**WHAT YOU SHOULD DO**
Copy each line below word for word and drop every image.

━━━ DATA BLOCK ━━━

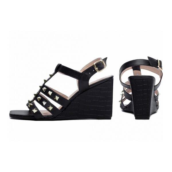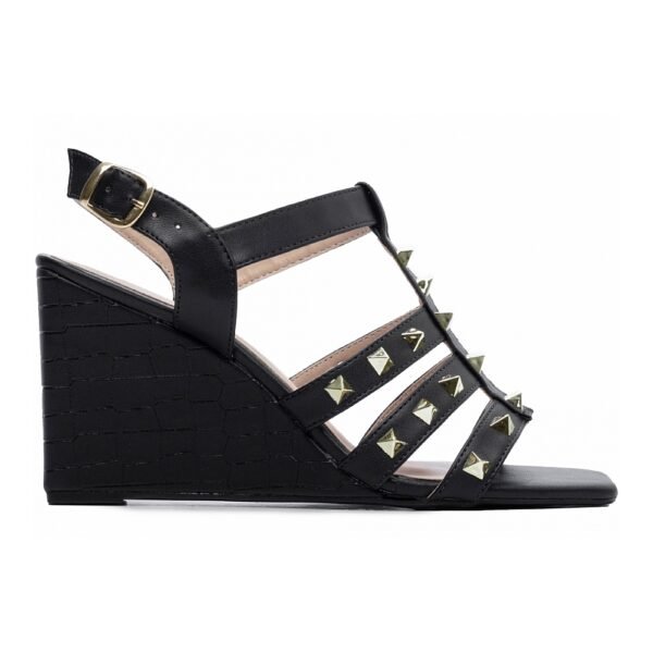 Plataforma: Traseiro / Salto com 9 cm de Altura, Revestido em Napa Croco Preto;
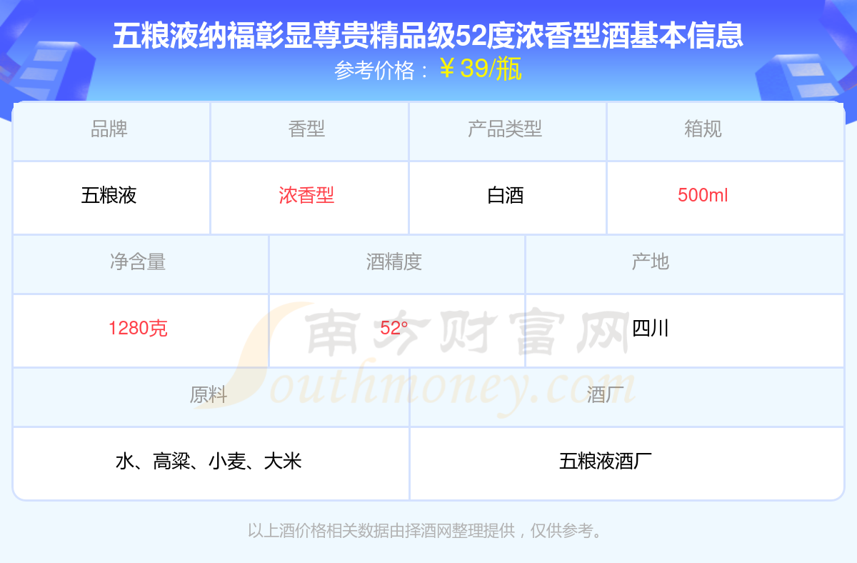 五粮液纳福彰显尊贵精品级52度浓香型基本信息
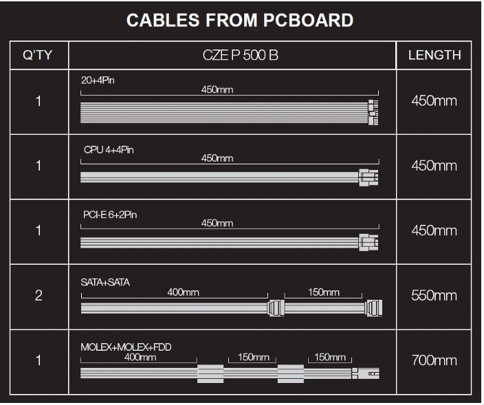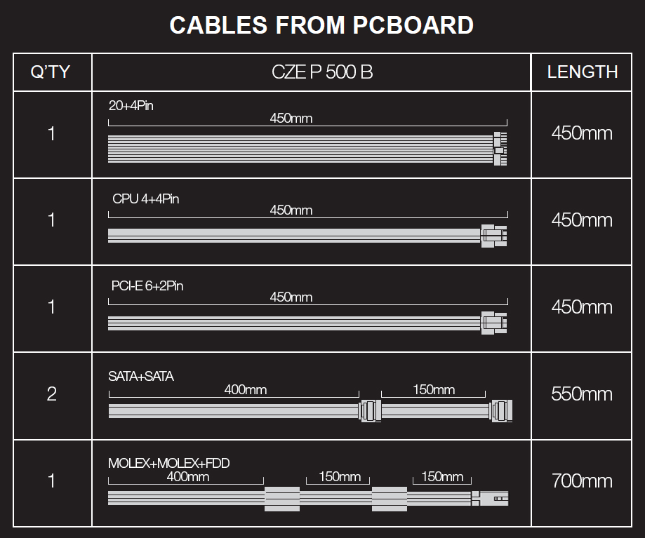• 1x napájecí kabel cpu 4pin (8pin - 4+4)
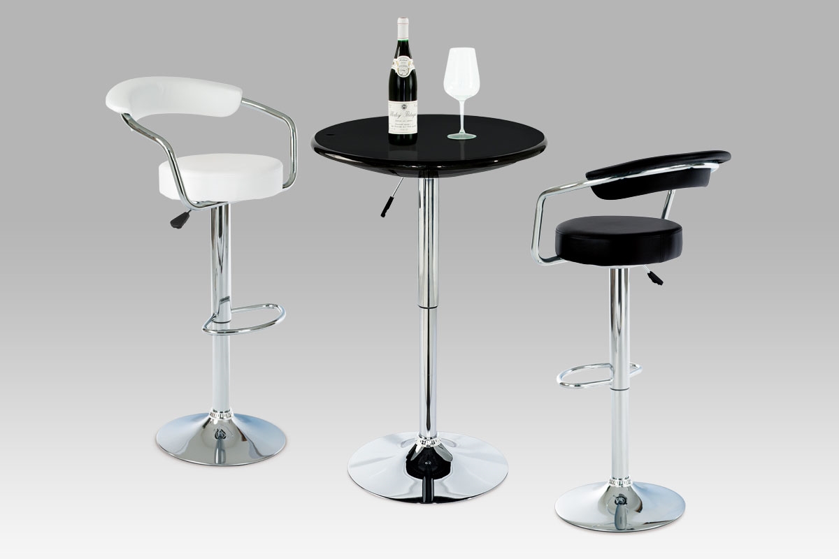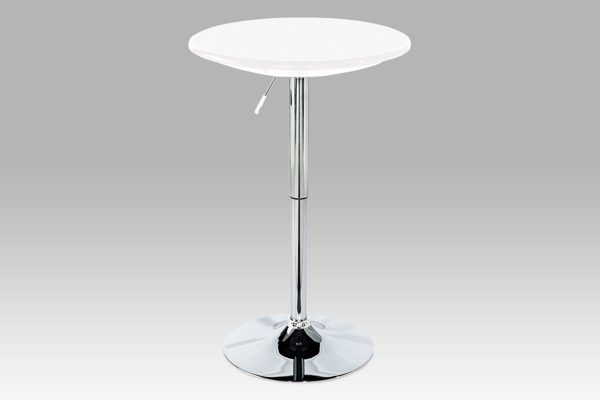 Barový stôl AUB-5010 je moderný barový stôl. Vyrába sa v kombinácií chrómu a bielej alebo čiernej farby. Barový stôl je výškovo nastaviteľný.

━━━

**TASK RESULT**
 Plataforma: Traseiro / Salto com 9 cm de Altura, Revestido em Napa Croco Preto;
 五粮液纳福彰显尊贵精品级52度浓香型基本信息
• 1x napájecí kabel cpu 4pin (8pin - 4+4)
 Barový stôl AUB-5010 je moderný barový stôl. Vyrába sa v kombinácií chrómu a bielej alebo čiernej farby. Barový stôl je výškovo nastaviteľný.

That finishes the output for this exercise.